France : Un retraité sur trois peut demander à augmenter sa pension

D’après une étude de la Drees, publiée ce mardi 17 septembre, à 70 ans un tiers des assurés n’a pas fait valoir tous ses droits à la retraite. Une perte nette de pouvoir d’achat.

Une simple démarche administrative peut vous rapporter plusieurs dizaines d’euros supplémentaires par mois. Aucune combine ou arnaque ne se cache derrière ce constat, mais seulement une incitation à être vigilant. D’après la Direction de la recherche, des études, de l’évaluation et des statistiques (Drees), organisme rattaché au ministère de la santé, à l’âge de 70 ans, 68% des assurés du système de retraite français nés en 1942 et qui ont cessé leur activité professionnelle ont fait valoir l’ensemble de leurs droits à la retraite. Traduction, les 32% restant, alors qu’ils ont cotisé pendant leur vie active, ont “oublié”, une fois à la retraite, de demander le versement de cette partie de leur pension.

Dans le détail, 24 % de ces retraités bénéficient seulement d’un partie des pensions auxquelles ils ont droit. “Le manque à gagner est d’environ 40 euros brut par mois”, révèlent les auteurs de l’étude, Gabin Langevin et Henri Martin. Au regard des 1.450 euros qu’ils touchent en moyenne à la retraite, cela représente une perte de plus de 2% de revenu. Plus vous avez eu des situations professionnelles variées, plus le risque de ne pas percevoir une pension complète est important. Car, toucher une retraite n’est pas automatique. C’est à vous d’en faire la demande. Une démarche à répéter pour chacune des caisses où vous avez cotisé. Mais il n’est pas rare que certaines des activités passent à travers les mailles du filet par “méconnaissance des procédures, oubli des droits à la retraite acquis au cours de petites périodes d’emploi ou de périodes d’emploi lointaines, déménagement dans un autre pays”, liste la Drees. Difficile de se rappeler de la moindre activité effectuée pendant toute sa carrière. Surtout sachant qu’en moyenne les actifs ont 36 ans, lors de la dernière validation de droits dans un régime non liquidé.

Plusieurs cas de figure peuvent illustrer ce non-recours aux droits de retraite. Cela peut par exemple être le cas de l’ancien fonctionnaire qui a eu une carrière longue sans changer de régime de retraite mais qui oublie les petits boulots qu’il a effectués avant de rentrer dans la fonction publique. Cette situation est aussi courante à la MSA, caisse de retraite des agriculteurs. Elle compte beaucoup d’anciens travailleurs saisonniers qui omettent de réclamer leur dû lorsqu’ils partent à la retraite. Résultat : ils perdent en moyenne chaque mois près de 20 euros brut. “Le même constat s’applique à l’Ircantec, la retraite complémentaire des contractuels de la fonction publique, qui compte de nombreux retraités de la fonction publique ayant eu durant une courte période le statut d’agent non titulaire”, relève l’étude.

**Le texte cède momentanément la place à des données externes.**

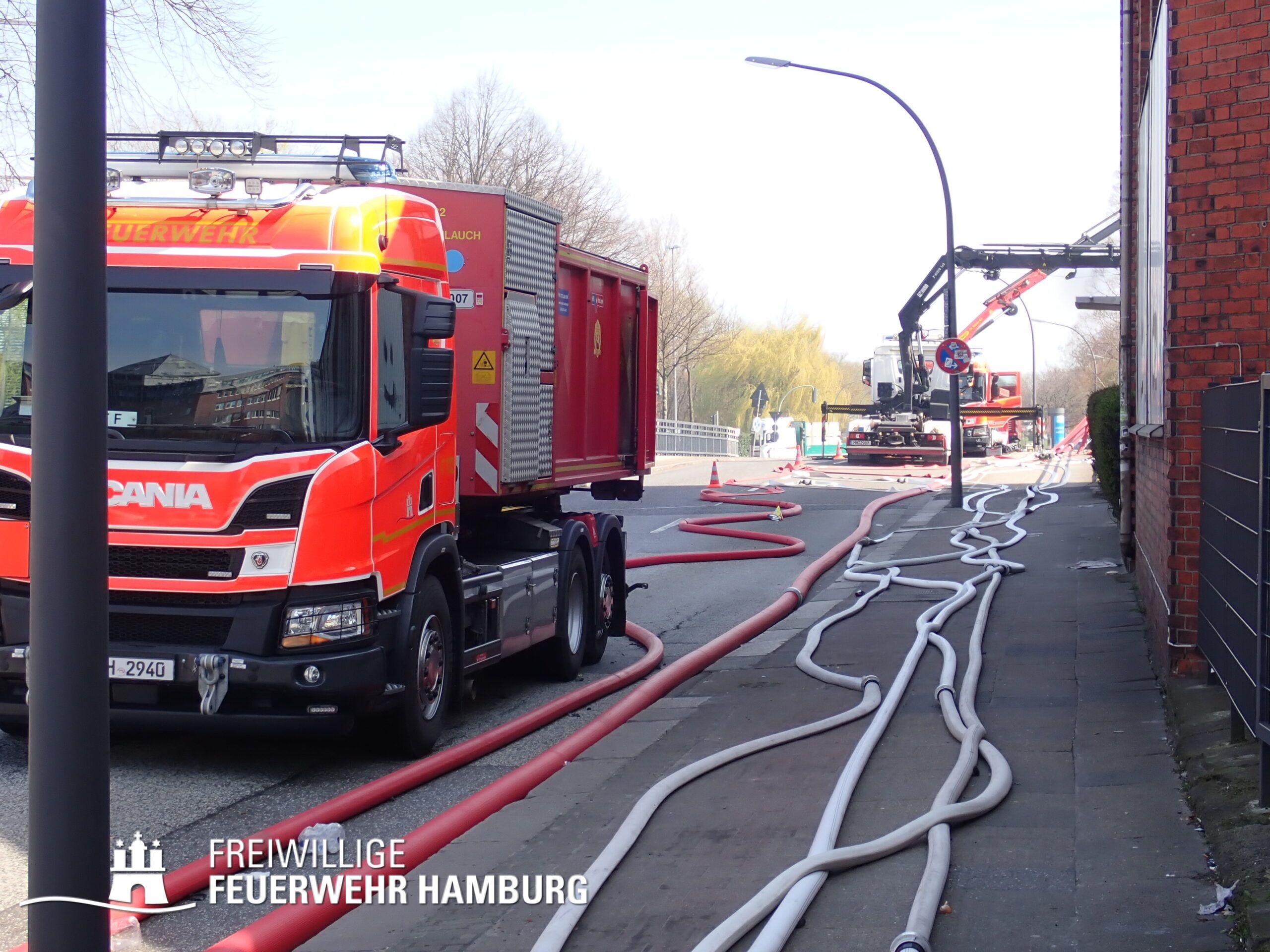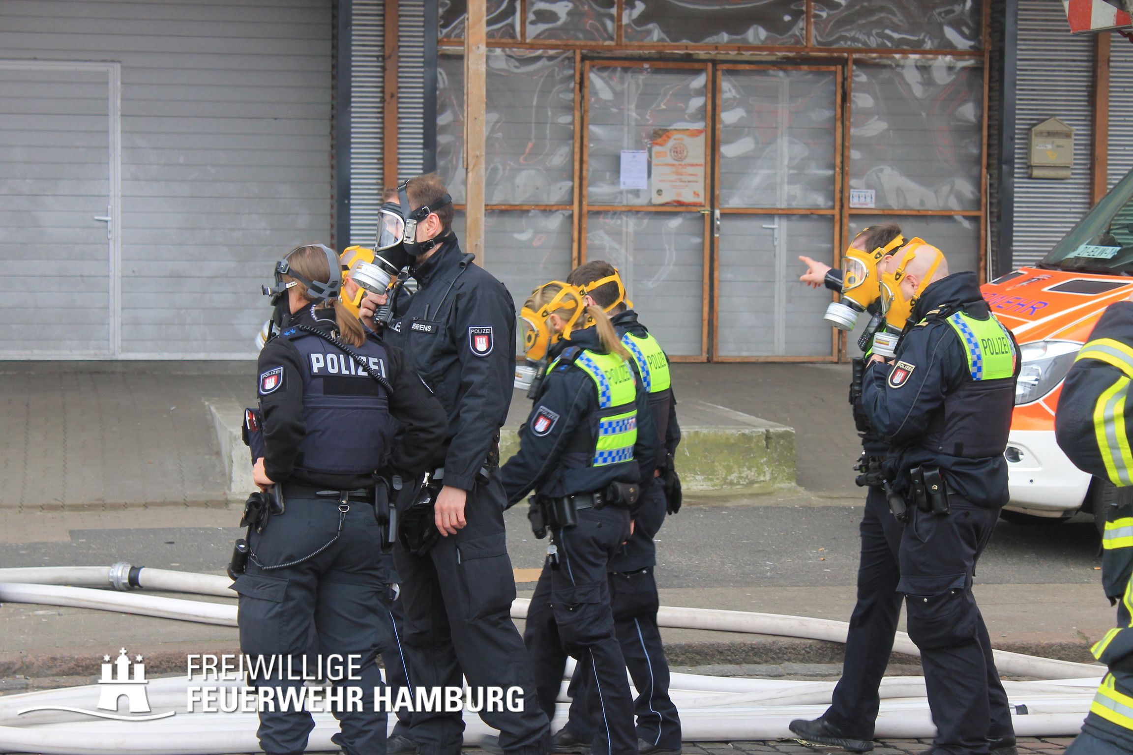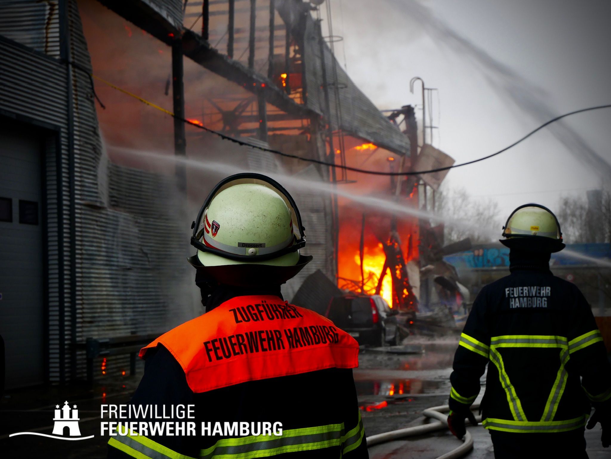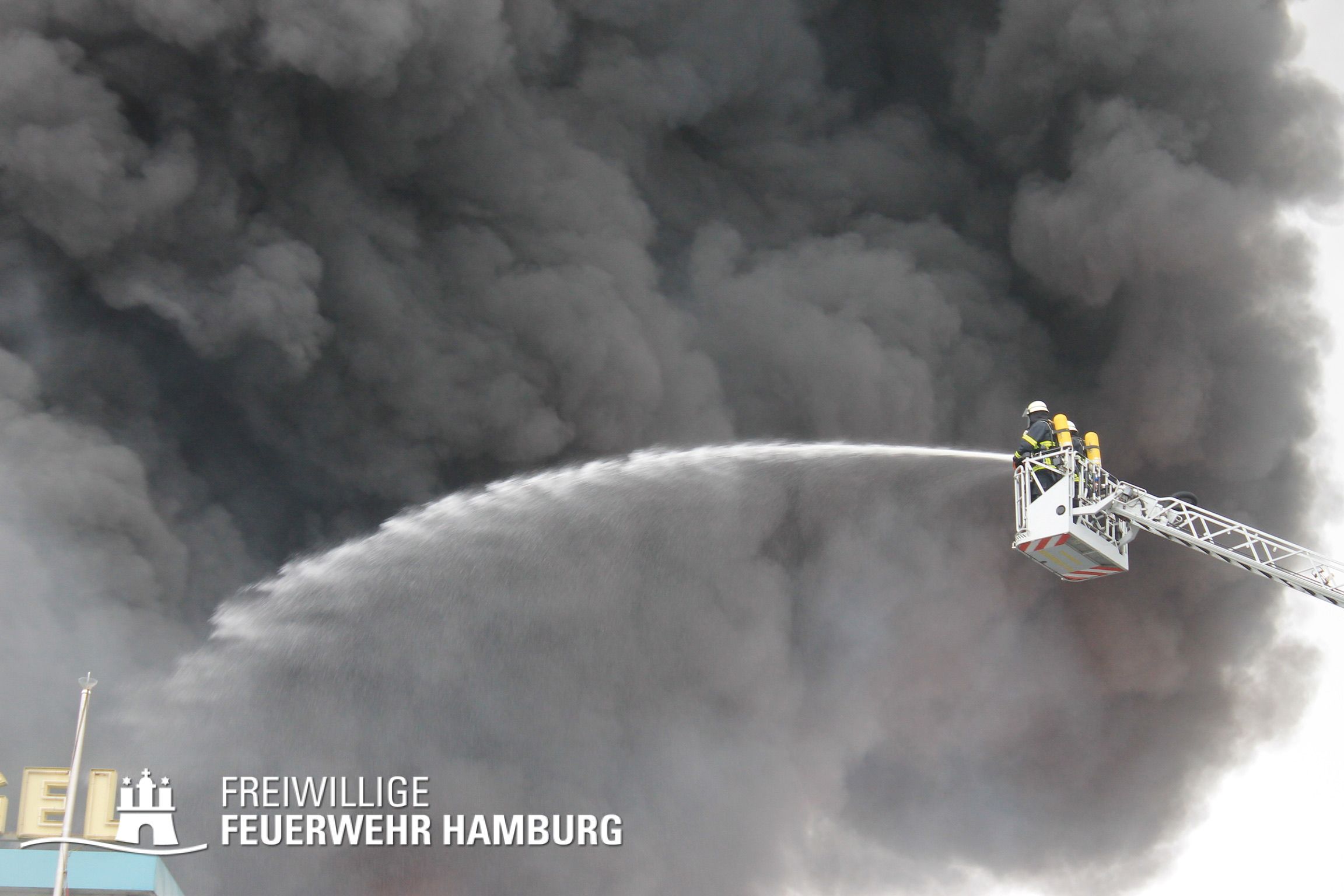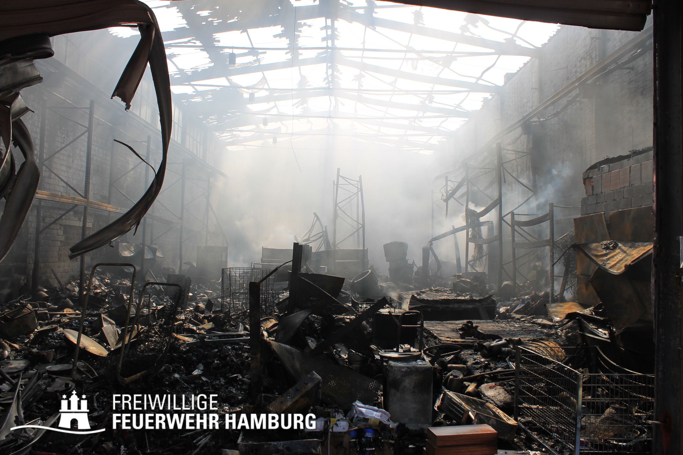 Bei einem Brand mehrerer Lagerhallen und von verschiedensten Waren auf großen Freiflächen in einem Gewerbegebiet kamen neben diversen Löschzügen und Sonderdiensten auch 54 FF und 12 Bereichsführer sowie der Landesbereichsführer der Freiwilligen Feuerwehr Hamburg über mehrere Tage zum Einsatz.

La Drees, pointe aussi un phénomène, plus marginal celui-ci : ceux qui ne touchent aucune pension obligatoire alors qu’ils y ont droit. 7% des assurés sont dans cette situation, principalement des actifs qui ont validé très peu de trimestres en France et ont cessé de cotiser dans l’Hexagone en moyenne à 37 ans. Pour ces derniers le manque à gagner approche en moyenne les 180 euros bruts mensuels, d’après l’étude.

Dans les prochaines années, ces chiffres pourraient cependant baisser. La génération étudiée est celle née en 1942 et qui a pris sa retraite au milieu des années 2000. Elle n’a pas pu bénéficier des mesures de simplification mises en place depuis plus deux ans. Parmi elles, la liquidation unique des retraites (Lura), permet de faire une unique demande de liquidation de ses droits pour les régimes dits alignés (Cnav, MSA et Sécurité sociale des indépendants). De quoi limiter le risque d’oubli. “En appliquant de manière fictive la Lura aux retraités nés en 1942, le non-recours partiel aux droits diminuerait d’environ 10 %”, note l’étude. Le manque à gagner passerait alors de 40 à 28 euros en moyenne par mois. Un chiffre qui pourrait encore diminuer grâce au lancement, en mars dernier, d’un service de demande de retraite en ligne sur le site info-retraite.fr. Ce nouveau service permet de retrouver l’ensemble des cotisations versées pendant toute sa carrière.

Enfin, même si vous êtes déjà à la retraite, il n’est pas trop tard. Vous pouvez faire valoir vos droits jusqu’à votre décès. Mais ne tardez pas trop à faire la vérification. L’effet n’est pas rétroactif. Malheureusement, vous ne pourrez pas récupérer les sommes que vous avez touchées avant d’en avoir fait la demande, même si vous êtes à la retraite depuis plusieurs années.